[Extracted data entries]
______________________________
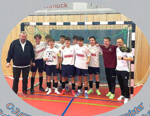
C-Jugend-Vize-Hallenkreismeister und Teilnehmer Bezirksmeisterschaft
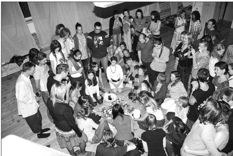
Фруктовая мандала на «Вега-Пати» в Москве, октябрь 2010 г.

в стоимость входит один свежевыжатый сок на выбор и угощение. Все остальное можно приобрести в сыроедческом баре. Многие салаты, соусы и напитки готовятся на глазах участников. Можно узнать новые рецепты и внести разнообразие в свой сыроедческий рацион.
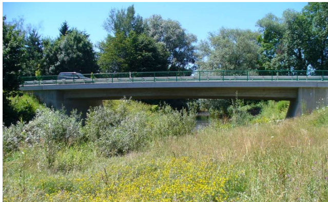
Ansicht fertige Brücke

Ersatzneubau als Stahlbeton-Rahmenbrücke auf kombinierter Pfahl-Plattengründung in Form eines schlaff bewehrten, integralen Bauwerks im Zuge der Kreisstraße K 7981
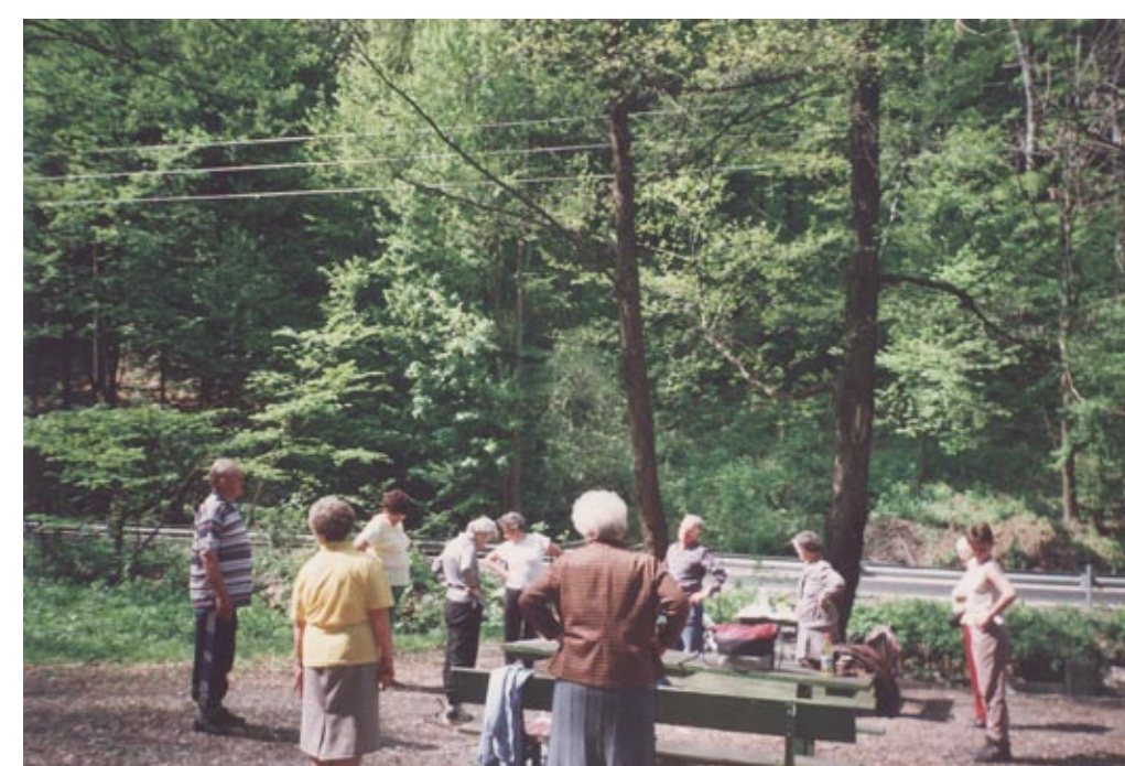
Torna a szabadban
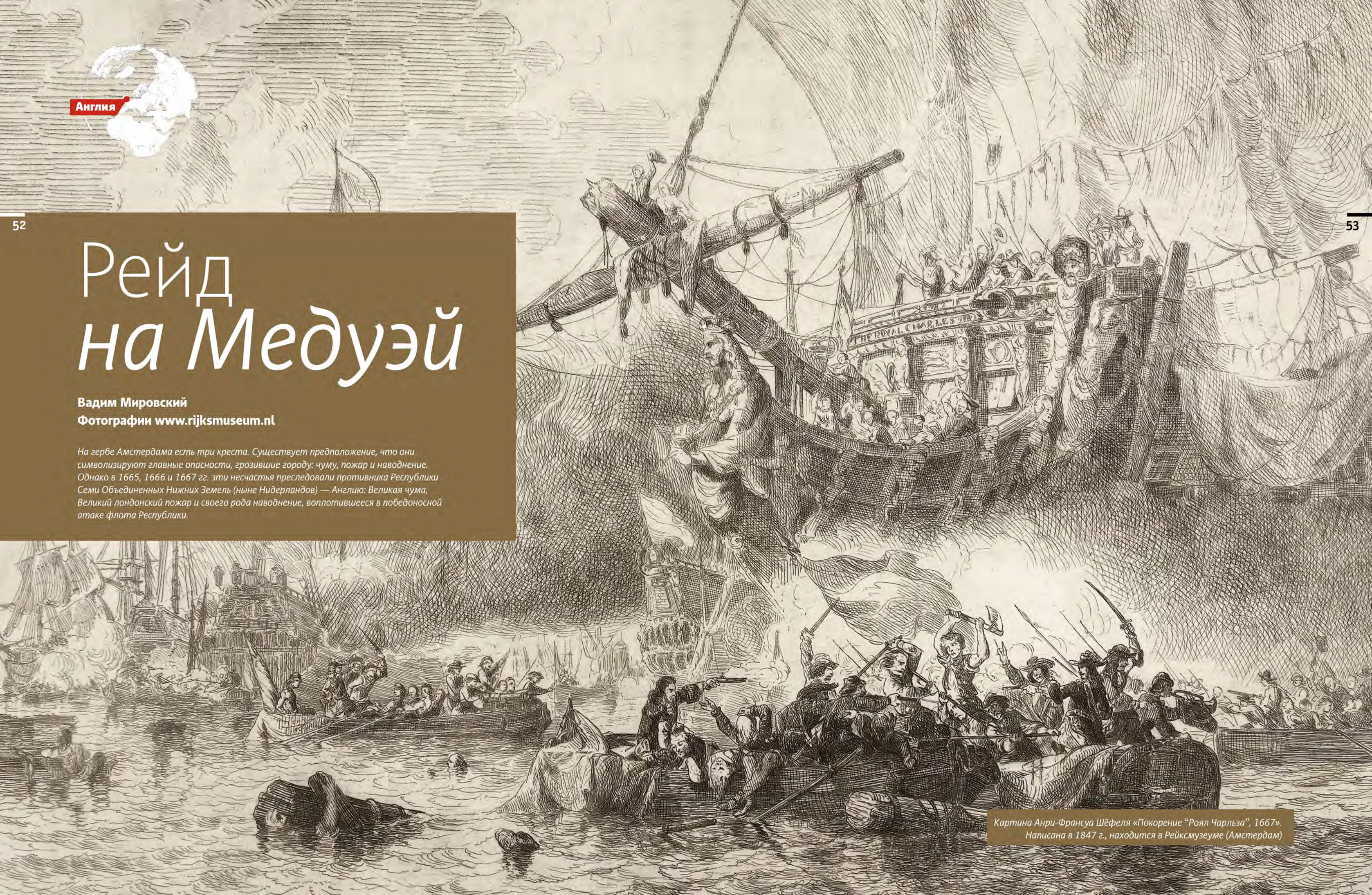
Картина Анри-Франсуа Шёфеля «Покорение «Роял Чарльза», 1667». Написана в 1847 г., находится в Рейксмузеуме (Амстердам)

На гербе Амстердама есть три креста. Существует предположение, что они символизируют главные опасности, грозившие городу: чуму, пожар и наводнение. Однако в 1665, 1666 и 1667 гг. эти несчастья преследовали противника Республики Семи Объединенных Нижних Земель (ныне Нидерландов) — Англию: Великая чума, Великий лондонский пожар и своего рода наводнение, воплотившееся в победоносной атаке флота Республики.
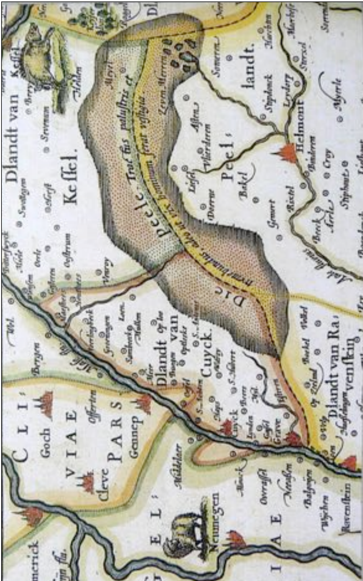
Kaart van de Peel uit 1617 van P vd Keere (let op de zeven meren)
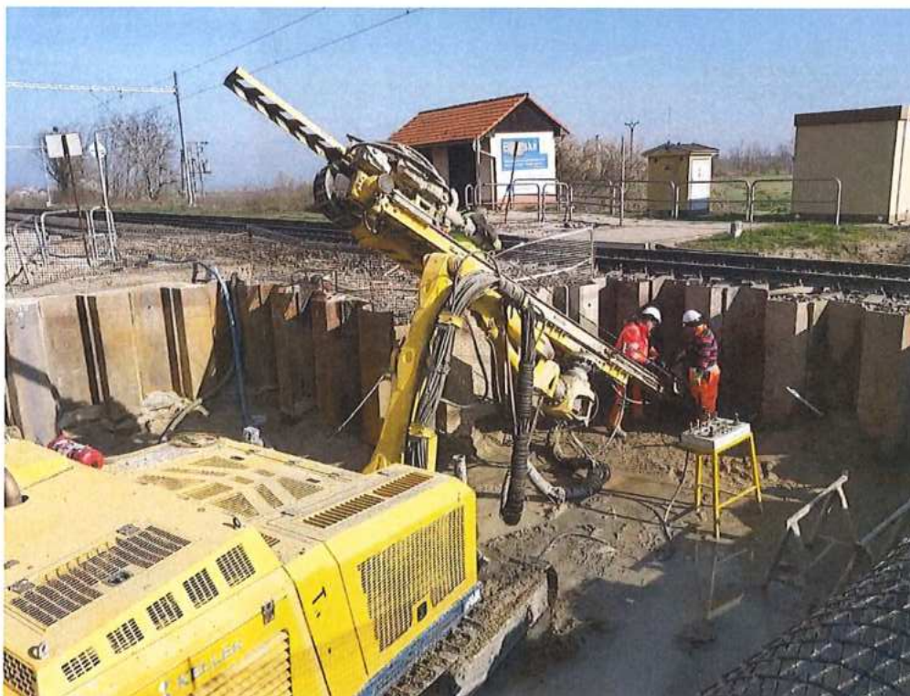
Kotvenie larsenovej steny v TK 1 – SO 11-33-01
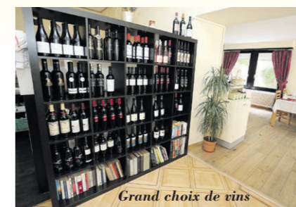
Grand choix de vins
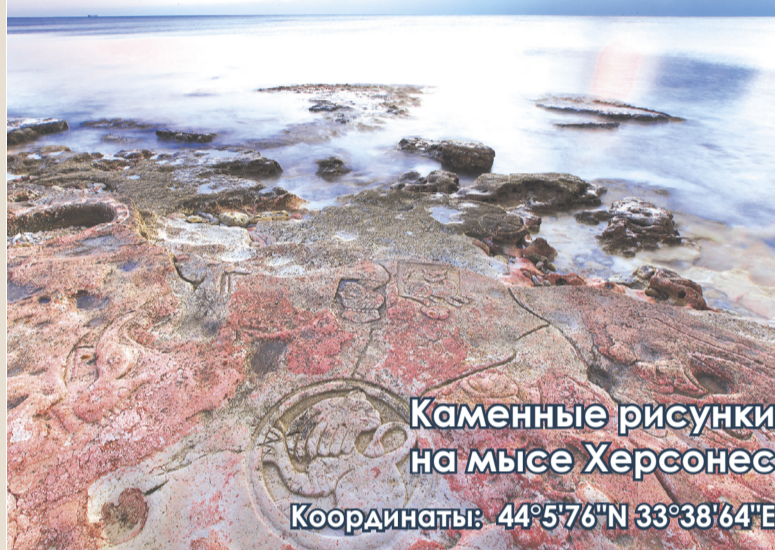
Каменные рисунки на мысе Херсонес
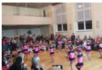
Mikulášské hrátky, tentokrát očima dětí základní školy strana 6
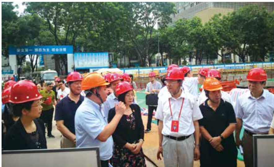
人大代表视察广州华侨博物馆在建项目

值得一提的是，7月30日，结合“生鲜农产品互联网+冷链配送体系建设”这一城市发展中的热点问题，市人大常委会
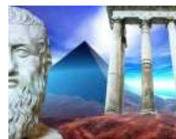
(Nem is olyan fiktív) interjú Platónnal a nevelésről
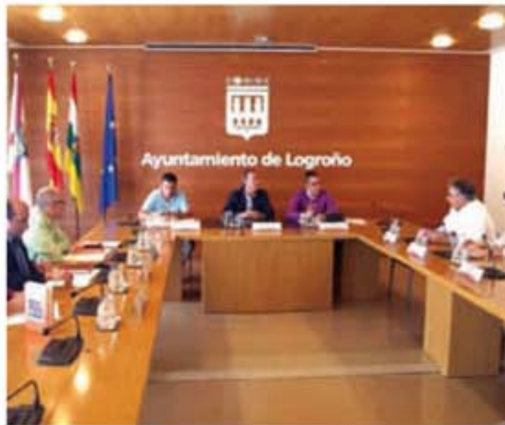
Reunión del Consejo Social de la Ciudad.

Respecto a las ayudas directas al alquiler, para paliar las dificultades para encontrar un nuevo hogar de aquellas personas que lo han perdido a causa de un desahucio, en la convocatoria de este año se han concedido ya 20,
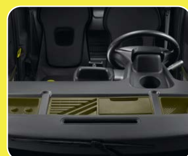
3 bacs de rangement de planche de bord
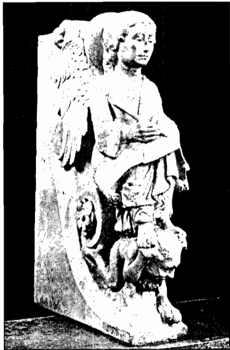
Afb. 1: Schrijvende engel, kalkstenen reliëf, Rijn- en Maasland, omstreeks 1210-1220.

De duivel heeft, binnen het Heilsplan Gods, derhalve ook zijn 'goede kant'. Hij is de boekhouder van het menselijke kwaad, terwijl daarentegen een engel de goede daden van de mens noteert. Dit schrijvende ambt van engel en duivel is reeds vroeg in de streken rond de Nederrijn en het Maasland bekend. Dit bewijzen twee uit kalksteen gehouwen romaanse beeldjes die rond 1210-1220 werden vervaardigd. Ze zijn 75 cm hoog en 53 cm breed. Ze vormen ontegenzeggelijk een 'paar', gezien het compositionele evenwicht dat er tussen beide afbeeldingen bestaat. Het ene beeldje toont een gevleugelde engel in zittende houding (afb. 1). Zijn voeten drukken op de nek van een dwergachtige demon. Het ernstige gezicht met de scherp observerende ogen verraden concentratie. In de rechterhand houdt de engel een schrijfpenn. Hij is gereed de goede werken van de rechtvaardige mens te noteren op de schrijffrol die op zijn knieën rust. Het andere beeldje toont de duivel (afb. 2). Zijn pose is met die van de engel vergelijkbaar. Met één voet op een dierlijk monster rustend, leunt hij half staand, half zittend tegen de achterwand. In zijn demonische kop, die in een grote
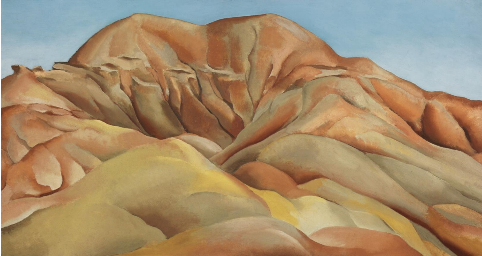
Na vella estrada de Santa Fe, 1930-1931, Georgia O'Keeffe

Georgia O'Keeffe, pioneira da arte moderna americana, desempeñou un papel crucial na evolución artística do século XX. Tiña unha incrível habilidade para plasmar unha visión única da paisaxe estadounidense.
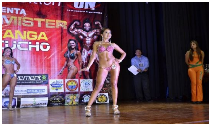
Figura 15 - Presentación y puesta en escena del cuerpo.
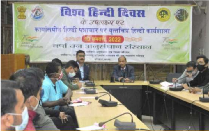
व.व.अ.सं., जोरहाट ने विश्व हिंदी दिवस मनाया

व.व.अ.सं., जोरहाट और व.उ.सं., रांची ने 10 जनवरी 2022 को विश्व हिंदी दिवस मनाया।
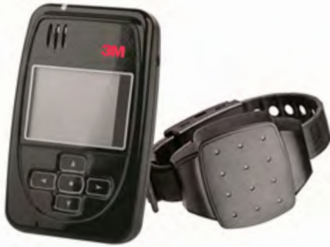
4. számú ábra: 3M 2Track nyomkövető (balra) és „óra” (jobbra) egység

A 2Track eszköz szintén két részből áll, melynek egyik eleme egy mobiltelefonra hasonlító jeladó, a másik pedig egy végtagra rögzíthető egység, mely olyan, mint egy karóra. Ezen egység működése teljesen megegyezik az 1Track eszközzel, szoftvere és a központi architektúrája ugyanaz. A tesztelés során egyértelművé vált, hogy ez lehet az az eszköz, amely a büntetés-végrehajtási feladatok ellátása során alkalmazható. Ezt bizonyította az is, hogy mint elődjénél, úgy ennél az eszköznél is egymáshoz vannak rendelve az egységek, így amennyiben tíz méternél távolabb kerülnek egymástól, azonnal jelzést ad a felügyeletet ellátónak. Ezen kívül nem cserélgethetők az egységek, valamint nem kell fix helyre telepíteni, hanem azt bárhová el lehet vinni, így zsebben vagy táskában is elfér. További előnyként jelentkezett, hogy a karórára hasonlító eszköz hosszú élettartamú elemmel működik, így nem igényel napi töltést sem, melynek következtében nem kell az eszközt naponta leszedni vagy feltenni a végtagra, amellyel jelentősen csökkenthetők az anyagi költségek, hiszen nem kell új szíjat vagy csatot felhelyezni. Csak a jeladó igényel napi töltést, azonban ez költséggel nem jár.
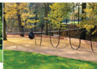
Nábřeží řeky Loučné, Litomyšl
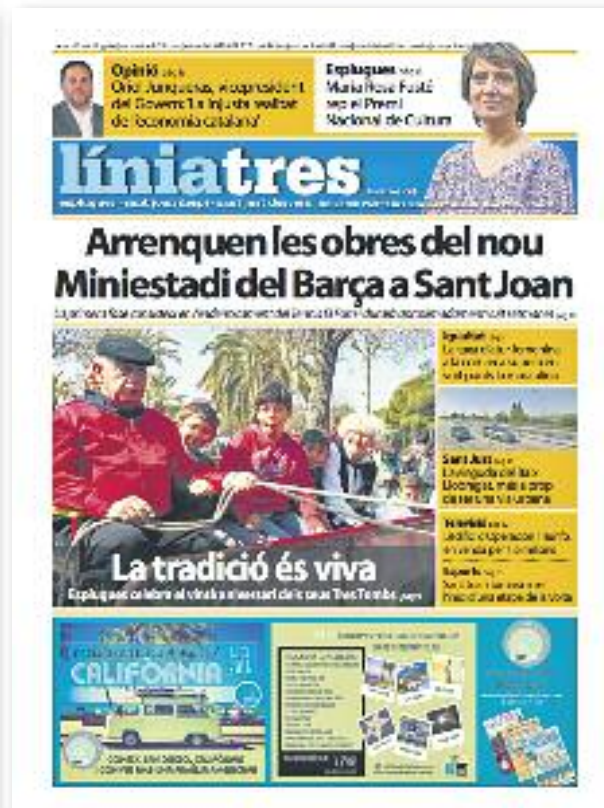
Número 33 · Març del 2016
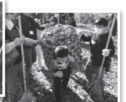
*昨年の落ち葉はきの様子

紙面に関する「お問い合わせ・お申し込み」はコーププラザ所沢/埼玉西南ブロック事務局まで
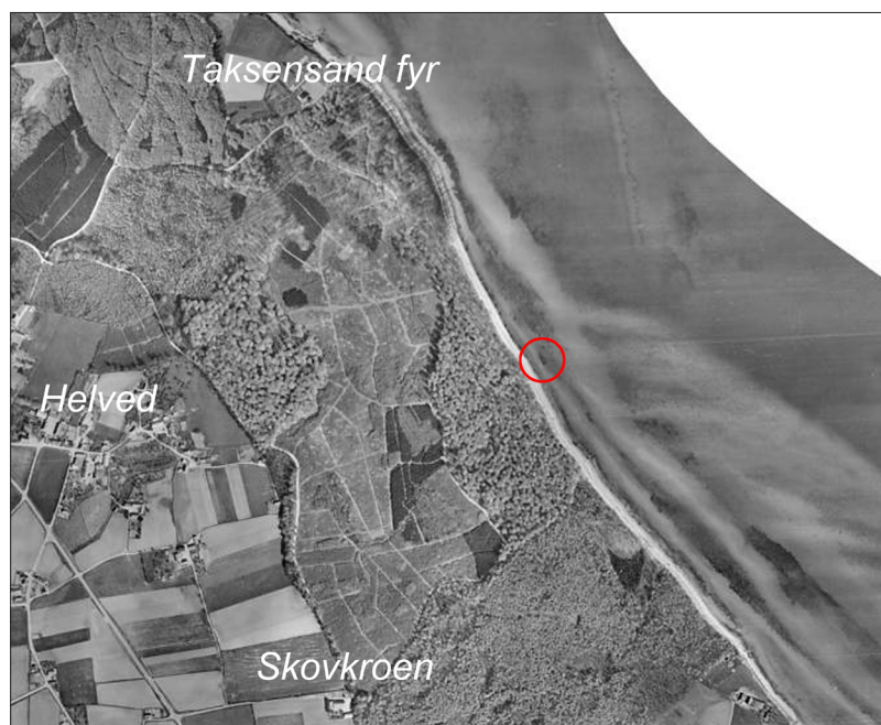
Stenens ca. placering (den røde ring)
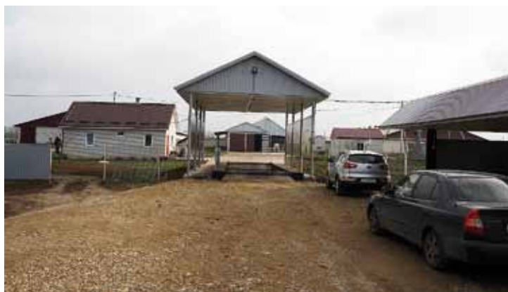
Путь на ферму – через санпропускник
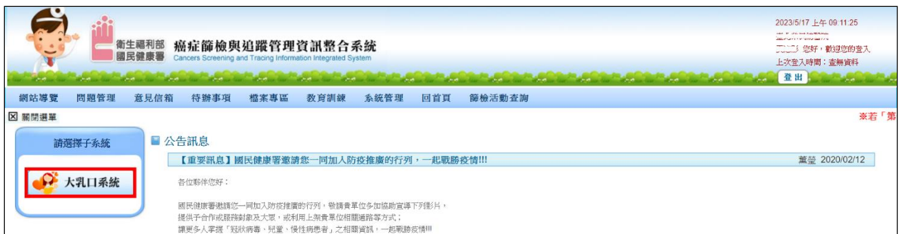
圖 1.系統登入後畫面

請於通知期限內至整合系統(原單一入口， https://portal.hpa.gov.tw )進行帳號登入後，透過網站 右上角 或 左側 之帳號簽入介接到癌整系統，並於左方 請選擇子系統 點選「大乳口系統」後，點選「婦女乳癌篩檢」進入到系統功能操作畫面。
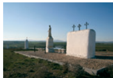
Calvario. Ahillones (Badajoz).
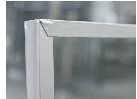
PYRANOVA® mit unbeschädigtem Kantenschutzband (silber)

Werden die Sicherheitsgläser entpackt und anderweitig gelagert, sind diese ausschließlich auf geeigneten Unterlagen abzustellen. Dabei ist darauf zu achten, dass die Kantenschutzbänder nicht beschädigt werden. Weiter sind die einzelnen Glaseinheiten durch geeignete Zwischenlagen voneinander zu trennen. Ein Abstellen der Sicherheitsgläser auf den Ecken ist nicht zulässig.
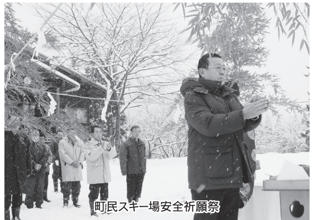
町民スキー場安全祈願祭

道では、本町の実質公債費比率が20・2%で、18%以上は本町を含めて7町村。借金をするのに県の許可が必要になります。本町では、西川小学校建設に邁進しており、財政面で心配する声が多くありますが。
______________________________
▶ [Required action]: Give every entry again word for word; no images belong in the copy.

▶ [Finished task]:
C-Jugend-Vize-Hallenkreismeister und Teilnehmer Bezirksmeisterschaft
Фруктовая мандала на «Вега-Пати» в Москве, октябрь 2010 г.

в стоимость входит один свежевыжатый сок на выбор и угощение. Все остальное можно приобрести в сыроедческом баре. Многие салаты, соусы и напитки готовятся на глазах участников. Можно узнать новые рецепты и внести разнообразие в свой сыроедческий рацион.
Ansicht fertige Brücke

Ersatzneubau als Stahlbeton-Rahmenbrücke auf kombinierter Pfahl-Plattengründung in Form eines schlaff bewehrten, integralen Bauwerks im Zuge der Kreisstraße K 7981
Torna a szabadban
Картина Анри-Франсуа Шёфеля «Покорение «Роял Чарльза», 1667». Написана в 1847 г., находится в Рейксмузеуме (Амстердам)

На гербе Амстердама есть три креста. Существует предположение, что они символизируют главные опасности, грозившие городу: чуму, пожар и наводнение. Однако в 1665, 1666 и 1667 гг. эти несчастья преследовали противника Республики Семи Объединенных Нижних Земель (ныне Нидерландов) — Англию: Великая чума, Великий лондонский пожар и своего рода наводнение, воплотившееся в победоносной атаке флота Республики.
Kaart van de Peel uit 1617 van P vd Keere (let op de zeven meren)
Kotvenie larsenovej steny v TK 1 – SO 11-33-01
Grand choix de vins
Каменные рисунки на мысе Херсонес
Mikulášské hrátky, tentokrát očima dětí základní školy strana 6
人大代表视察广州华侨博物馆在建项目

值得一提的是，7月30日，结合“生鲜农产品互联网+冷链配送体系建设”这一城市发展中的热点问题，市人大常委会
(Nem is olyan fiktív) interjú Platónnal a nevelésről
Reunión del Consejo Social de la Ciudad.

Respecto a las ayudas directas al alquiler, para paliar las dificultades para encontrar un nuevo hogar de aquellas personas que lo han perdido a causa de un desahucio, en la convocatoria de este año se han concedido ya 20,
3 bacs de rangement de planche de bord
Afb. 1: Schrijvende engel, kalkstenen reliëf, Rijn- en Maasland, omstreeks 1210-1220.

De duivel heeft, binnen het Heilsplan Gods, derhalve ook zijn 'goede kant'. Hij is de boekhouder van het menselijke kwaad, terwijl daarentegen een engel de goede daden van de mens noteert. Dit schrijvende ambt van engel en duivel is reeds vroeg in de streken rond de Nederrijn en het Maasland bekend. Dit bewijzen twee uit kalksteen gehouwen romaanse beeldjes die rond 1210-1220 werden vervaardigd. Ze zijn 75 cm hoog en 53 cm breed. Ze vormen ontegenzeggelijk een 'paar', gezien het compositionele evenwicht dat er tussen beide afbeeldingen bestaat. Het ene beeldje toont een gevleugelde engel in zittende houding (afb. 1). Zijn voeten drukken op de nek van een dwergachtige demon. Het ernstige gezicht met de scherp observerende ogen verraden concentratie. In de rechterhand houdt de engel een schrijfpenn. Hij is gereed de goede werken van de rechtvaardige mens te noteren op de schrijffrol die op zijn knieën rust. Het andere beeldje toont de duivel (afb. 2). Zijn pose is met die van de engel vergelijkbaar. Met één voet op een dierlijk monster rustend, leunt hij half staand, half zittend tegen de achterwand. In zijn demonische kop, die in een grote
Na vella estrada de Santa Fe, 1930-1931, Georgia O'Keeffe

Georgia O'Keeffe, pioneira da arte moderna americana, desempeñou un papel crucial na evolución artística do século XX. Tiña unha incrível habilidade para plasmar unha visión única da paisaxe estadounidense.
Figura 15 - Presentación y puesta en escena del cuerpo.
व.व.अ.सं., जोरहाट ने विश्व हिंदी दिवस मनाया

व.व.अ.सं., जोरहाट और व.उ.सं., रांची ने 10 जनवरी 2022 को विश्व हिंदी दिवस मनाया।
4. számú ábra: 3M 2Track nyomkövető (balra) és „óra” (jobbra) egység

A 2Track eszköz szintén két részből áll, melynek egyik eleme egy mobiltelefonra hasonlító jeladó, a másik pedig egy végtagra rögzíthető egység, mely olyan, mint egy karóra. Ezen egység működése teljesen megegyezik az 1Track eszközzel, szoftvere és a központi architektúrája ugyanaz. A tesztelés során egyértelművé vált, hogy ez lehet az az eszköz, amely a büntetés-végrehajtási feladatok ellátása során alkalmazható. Ezt bizonyította az is, hogy mint elődjénél, úgy ennél az eszköznél is egymáshoz vannak rendelve az egységek, így amennyiben tíz méternél távolabb kerülnek egymástól, azonnal jelzést ad a felügyeletet ellátónak. Ezen kívül nem cserélgethetők az egységek, valamint nem kell fix helyre telepíteni, hanem azt bárhová el lehet vinni, így zsebben vagy táskában is elfér. További előnyként jelentkezett, hogy a karórára hasonlító eszköz hosszú élettartamú elemmel működik, így nem igényel napi töltést sem, melynek következtében nem kell az eszközt naponta leszedni vagy feltenni a végtagra, amellyel jelentősen csökkenthetők az anyagi költségek, hiszen nem kell új szíjat vagy csatot felhelyezni. Csak a jeladó igényel napi töltést, azonban ez költséggel nem jár.
Nábřeží řeky Loučné, Litomyšl
Número 33 · Març del 2016
*昨年の落ち葉はきの様子

紙面に関する「お問い合わせ・お申し込み」はコーププラザ所沢/埼玉西南ブロック事務局まで
Stenens ca. placering (den røde ring)
Путь на ферму – через санпропускник
圖 1.系統登入後畫面

請於通知期限內至整合系統(原單一入口， https://portal.hpa.gov.tw )進行帳號登入後，透過網站 右上角 或 左側 之帳號簽入介接到癌整系統，並於左方 請選擇子系統 點選「大乳口系統」後，點選「婦女乳癌篩檢」進入到系統功能操作畫面。
Calvario. Ahillones (Badajoz).
PYRANOVA® mit unbeschädigtem Kantenschutzband (silber)

Werden die Sicherheitsgläser entpackt und anderweitig gelagert, sind diese ausschließlich auf geeigneten Unterlagen abzustellen. Dabei ist darauf zu achten, dass die Kantenschutzbänder nicht beschädigt werden. Weiter sind die einzelnen Glaseinheiten durch geeignete Zwischenlagen voneinander zu trennen. Ein Abstellen der Sicherheitsgläser auf den Ecken ist nicht zulässig.
町民スキー場安全祈願祭

道では、本町の実質公債費比率が20・2%で、18%以上は本町を含めて7町村。借金をするのに県の許可が必要になります。本町では、西川小学校建設に邁進しており、財政面で心配する声が多くありますが。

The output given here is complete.